Havaalanında, beni güzel bir sürpriz bekliyordu. Kars’a gideceğimi söylediğimde, AFSAD’da devam ettiğim fotoğraf atölyesinin hocası İsa Özdemir, A. Kadir Ekinci’nin de Kars’lı olduğunu söyleyerek, gitmeden onun fotoğraflarına mutlaka bakmamı önerdi. http://www.akadirekinci.com adresinden Ekinci’nin fotoğraflarına baktım. Oradaki fotoğrafları yetmedi, belki facebook’ta başka fotoğrafları da vardır diyerek, Kadir Hoca’ya arkadaşlık isteği gönderdim. O da kabul etti sağolsun. Daha önce birbirimizi yüzyüze hiç görmemiştik ama, facebook sağolsun, görmediğin insanı bile tanımanı sağlıyor. Eskiden “yüz aşinalığı” diye bir kavram vardı. Şimdi o “facebook aşinalığı”na döndü. Havaalanında uçuş saatimizi beklerken, Kadir Hoca karşıma çıkıverdi. Facebook fotoğraflarımdan tanımış beni. Ayaküstü keyifli bir sohbet ettik. “Cumartesi günü Çıldır’daki festivalde var mıydınız” diye sordu. Hemen gözlerim Dilek’in gözlerine çevrildi. Dilek çok istemişti, çok söylemişti oraya mutlaka gidelim diye ama program bozulmasın diye gidememiştik. Kadir Hoca, festivalin ne kadar güzel olduğunu, ne kadar renkli, güzel fotoğraflar çektiğini anlatınca, Dilek “Ben size söylemiştim” diyen bakışlarla baktı bana. Sonra da Kadir Hoca’ya şikayet etti. “O kadar dedim, beni dinlemediler” dedi. Haklıydı. Dilek, pişmanım. Ühü. Bir daha bir geziye beraber gidecek olursak, sözünden çıkmayacağım. Sen nereye dersen oraya gideceğim.
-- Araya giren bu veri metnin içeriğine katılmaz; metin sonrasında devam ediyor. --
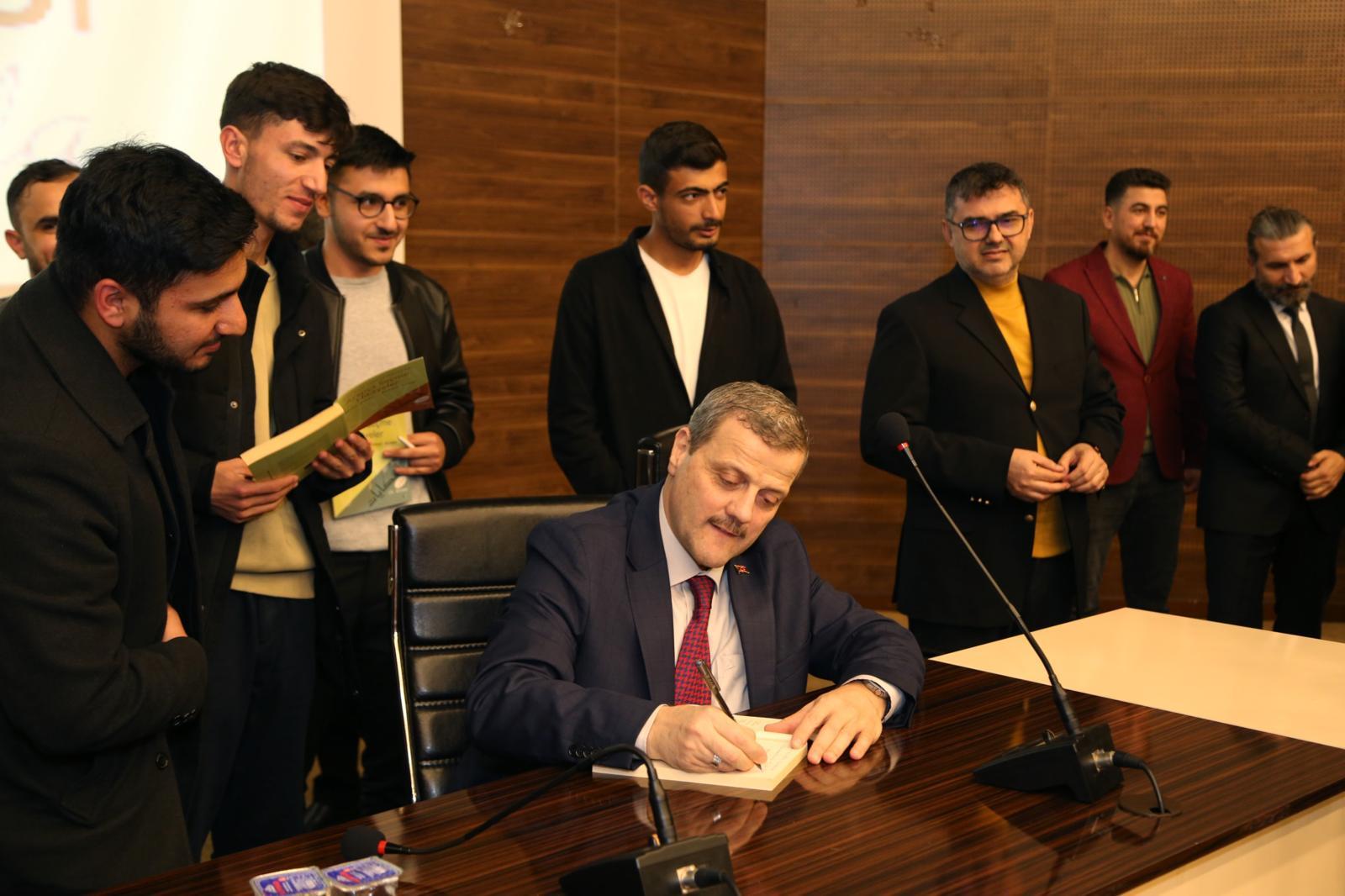 öğrencilerin Prof. Dr. Musa Yıldız’a kitaplarını imzalatmaları ve hatıra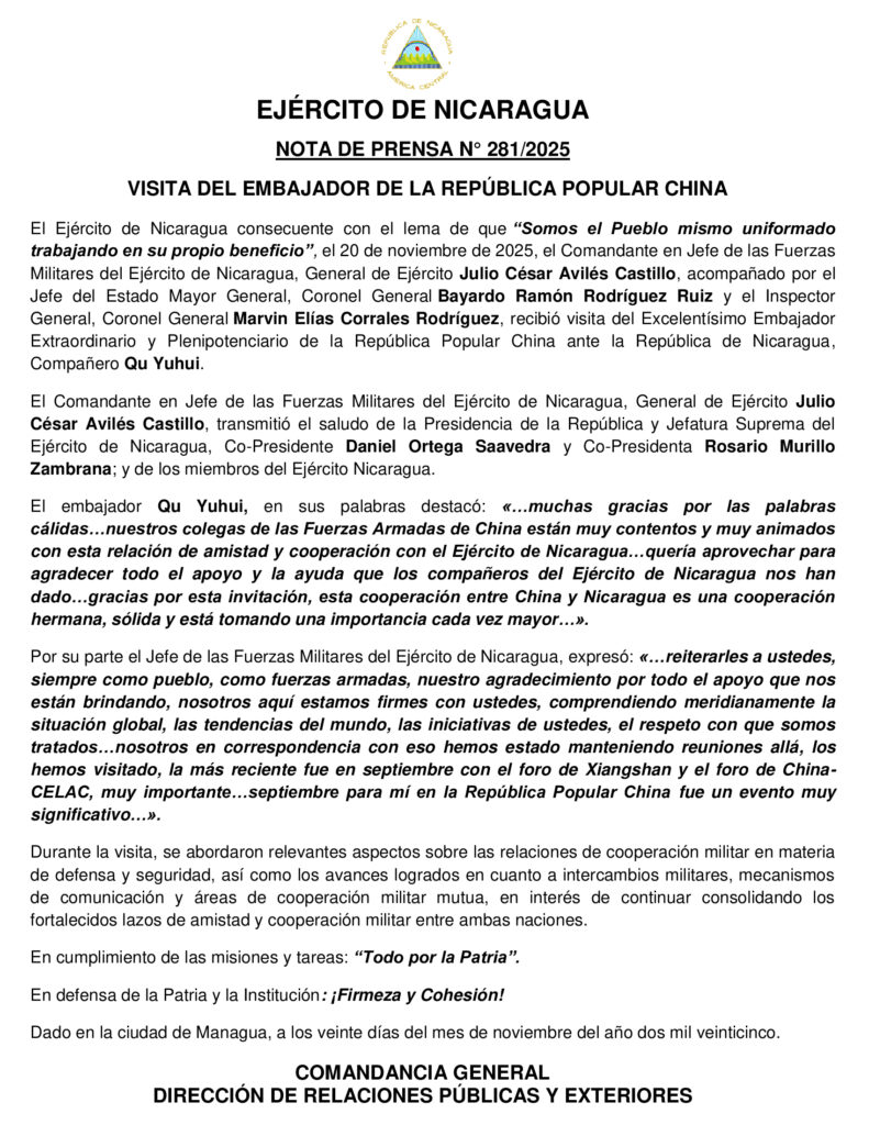 El Ejército de Nicaragua consecuente con el lema de que “Somos el Pueblo mismo uniformado trabajando en su propio beneficio”, el 20 de noviembre de 2025, el Comandante en Jefe de las Fuerzas Militares del Ejército de Nicaragua, General de Ejército Julio César Avilés Castillo, acompañado por el Jefe del Estado Mayor General, Coronel General Bayardo Ramón Rodríguez Ruiz y el Inspector General, Coronel General Marvin Elías Corrales Rodríguez, recibió visita del Excelentísimo Embajador Extraordinario y Plenipotenciario de la República Popular China ante la República de Nicaragua, Compañero Qu Yuhui.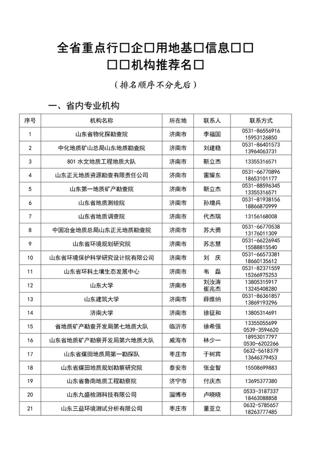 山東省重點行業企業用地基礎信息調查專業機構推薦目錄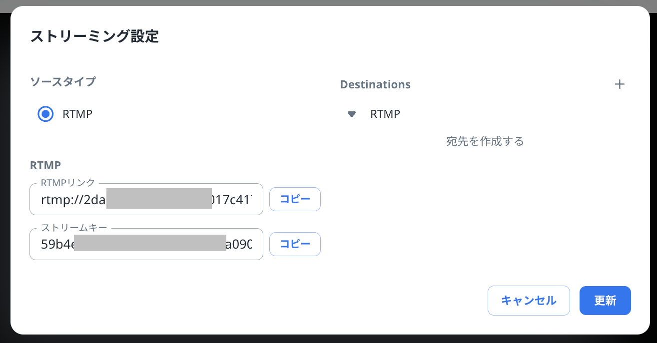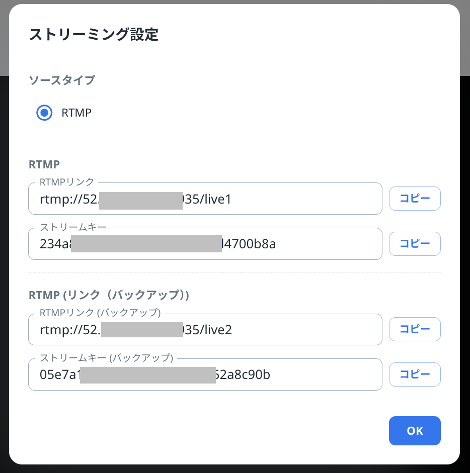 - ストリームキー:ライブ配信用のソフトウェアによっては、RTMPリンクとストリームキーをそれぞれ別々に入力する必要があります。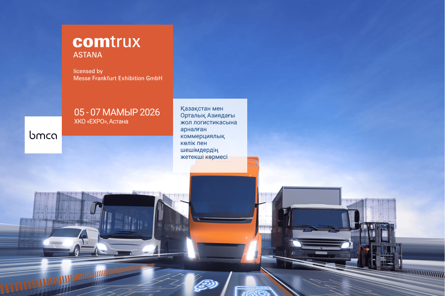 Business Media Central Asia (BMCA) рада объявить о запуске нового проекта Comtrux Astana – Международной выставки коммерческого транспорта и решений для дорожной логистики в Казахстане и Центральной Азии. Мероприятие будет организовано BMCA по лицензии Messe Frankfurt Exhibition GmbH (MFE) и пройдёт с 5 по 7 мая 2026 года в Международном выставочном центре EXPO в Астане

Sonuç olarak, serhat şehrimiz Kars’tan çok güzel anılarla döndüm. Tekrar gitmeyi isteyecek kadar çok sevdim. Oranın baharı da çok güzel olurmuş. Belki baharda tekrar giderim. Belli mi olur. =)

4 yorum:

  1. Beyaz Büyü.pek güzel peeeekkk..
    kıskandım mı?
    ben mi
    yok caaaanııım
    (yalana bak eheh :P)

    YanıtlaSil
  2. Merhaba çok güzel içerik çok faydalı ve güzel. Makalenizi beğendim. Sitenizin insanlara faydalı olduğunu düşünüyorum. Web sitenizin beklenen ilgiyi göreceği kanısındayım.

    İyi çalışmalar.

    Web Tasarım Firma Sitesi site satın al siteler mobilya

    YanıtlaSil
  3. Teşekkür ederim Ali Bey. Beğendiğinize ve yararlı bulmanıza sevindim. Selamlar. İyi çalışmalar size de.